• [Try it]: An exact transcription of the listing, without its images, is what the answer must contain.

• [Data section]:
*****

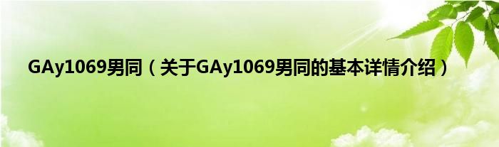 本文关于GAy1069男同的基本详情介绍就讲解完毕,希望对大家有所帮助。
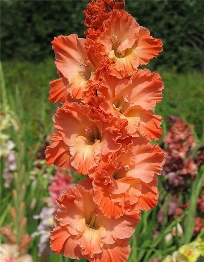 Одновременно на стебле распускается до 8 цветков, длина соцветия составляет около 80 см. Гладиолус относится к крупноцветковым видам и имеет диаметр цветка от 11,5 до 14 см. Лепестки плотные, гофрированные и широко открытые. Окраска цветков каштаново-лососевая.
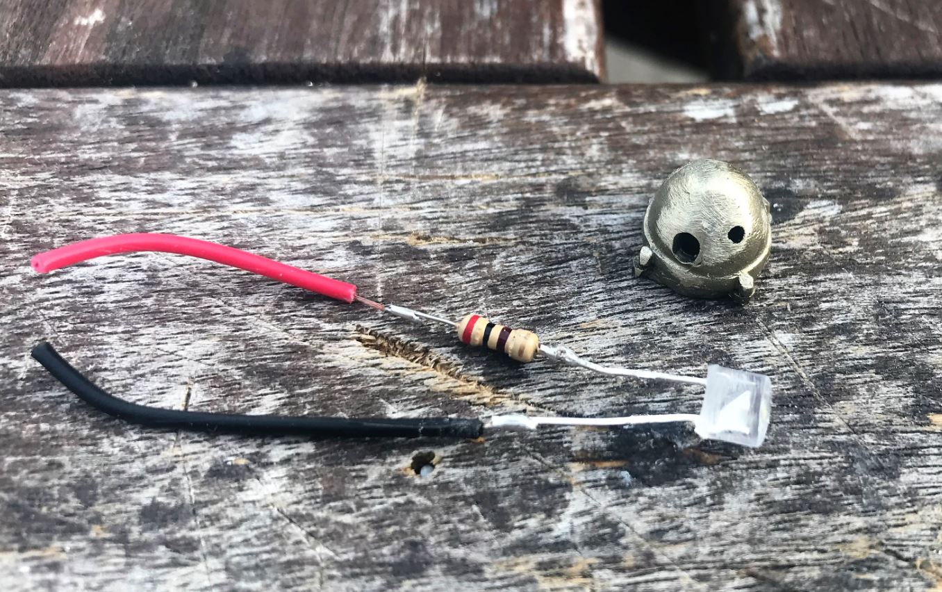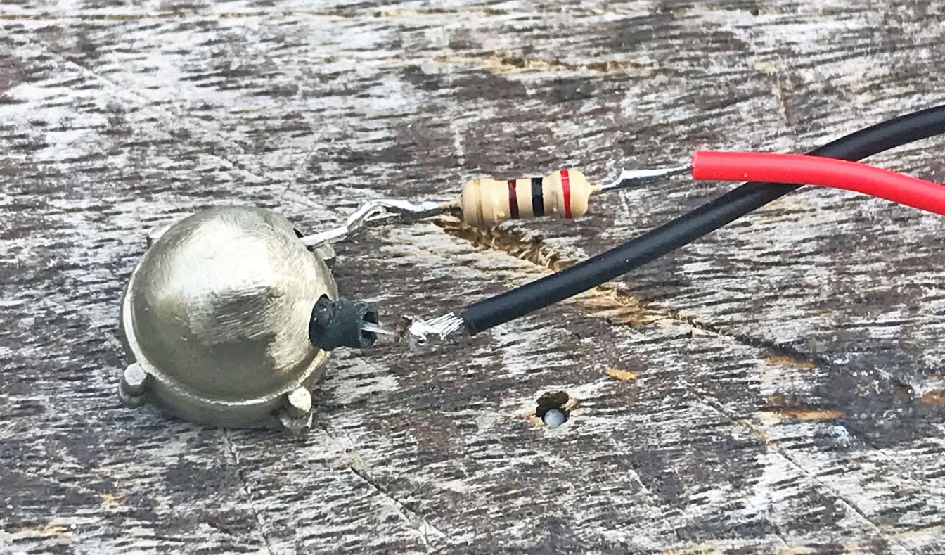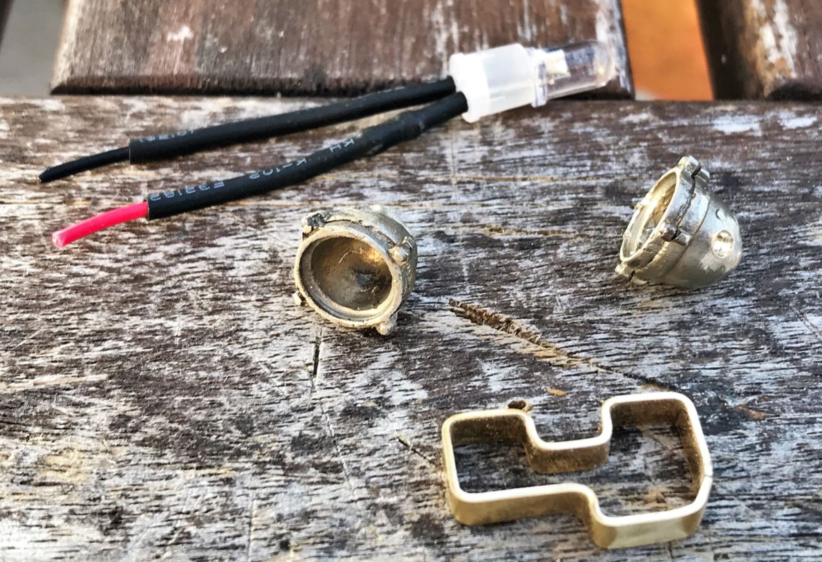 The LED is modified and sanded to reduce its length so that it will fit inside the metal headlight.
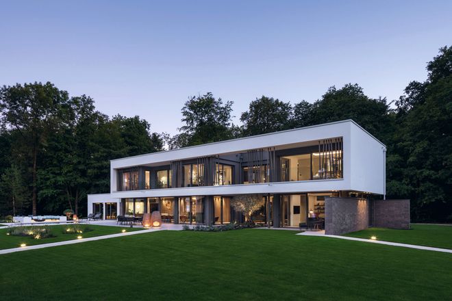 Mit klaren Linien, großflächig geöffneten Fassaden und exklusiver Innenausstattung fällt beispielsweise das neue Ausstellungshaus in der World of Living von WeberHaus in Rheinau-Linx auf. Entworfen wurde es vom Londoner Architekten Nick Blunt. Das Gebäude hat ungewöhnliche Proportionen: Bei einer Länge von 25 Metern beträgt die Haustiefe nur neun Meter, was eine klare Anordnung der Innenräume möglich macht. Das erste Stockwerk ragt auf allen Seiten minimal über das Erdgeschoss hinaus und wirkt beinahe so, als würde es schweben. Ein Blickfang sind die Holzstäbe aus Lärche, die teilweise vor den Fenstern platziert wurden - sie dienen als Stilelement und Sichtschutz. "Die Villa zeigt auf eindrucksvolle Weise, welche Möglichkeiten der Holzrahmenbau bietet“, resümiert Architekt Nick Blunt.

*****

• [Result for this task]:
 本文关于GAy1069男同的基本详情介绍就讲解完毕,希望对大家有所帮助。
 Одновременно на стебле распускается до 8 цветков, длина соцветия составляет около 80 см. Гладиолус относится к крупноцветковым видам и имеет диаметр цветка от 11,5 до 14 см. Лепестки плотные, гофрированные и широко открытые. Окраска цветков каштаново-лососевая.
 The LED is modified and sanded to reduce its length so that it will fit inside the metal headlight.
 Mit klaren Linien, großflächig geöffneten Fassaden und exklusiver Innenausstattung fällt beispielsweise das neue Ausstellungshaus in der World of Living von WeberHaus in Rheinau-Linx auf. Entworfen wurde es vom Londoner Architekten Nick Blunt. Das Gebäude hat ungewöhnliche Proportionen: Bei einer Länge von 25 Metern beträgt die Haustiefe nur neun Meter, was eine klare Anordnung der Innenräume möglich macht. Das erste Stockwerk ragt auf allen Seiten minimal über das Erdgeschoss hinaus und wirkt beinahe so, als würde es schweben. Ein Blickfang sind die Holzstäbe aus Lärche, die teilweise vor den Fenstern platziert wurden - sie dienen als Stilelement und Sichtschutz. "Die Villa zeigt auf eindrucksvolle Weise, welche Möglichkeiten der Holzrahmenbau bietet“, resümiert Architekt Nick Blunt.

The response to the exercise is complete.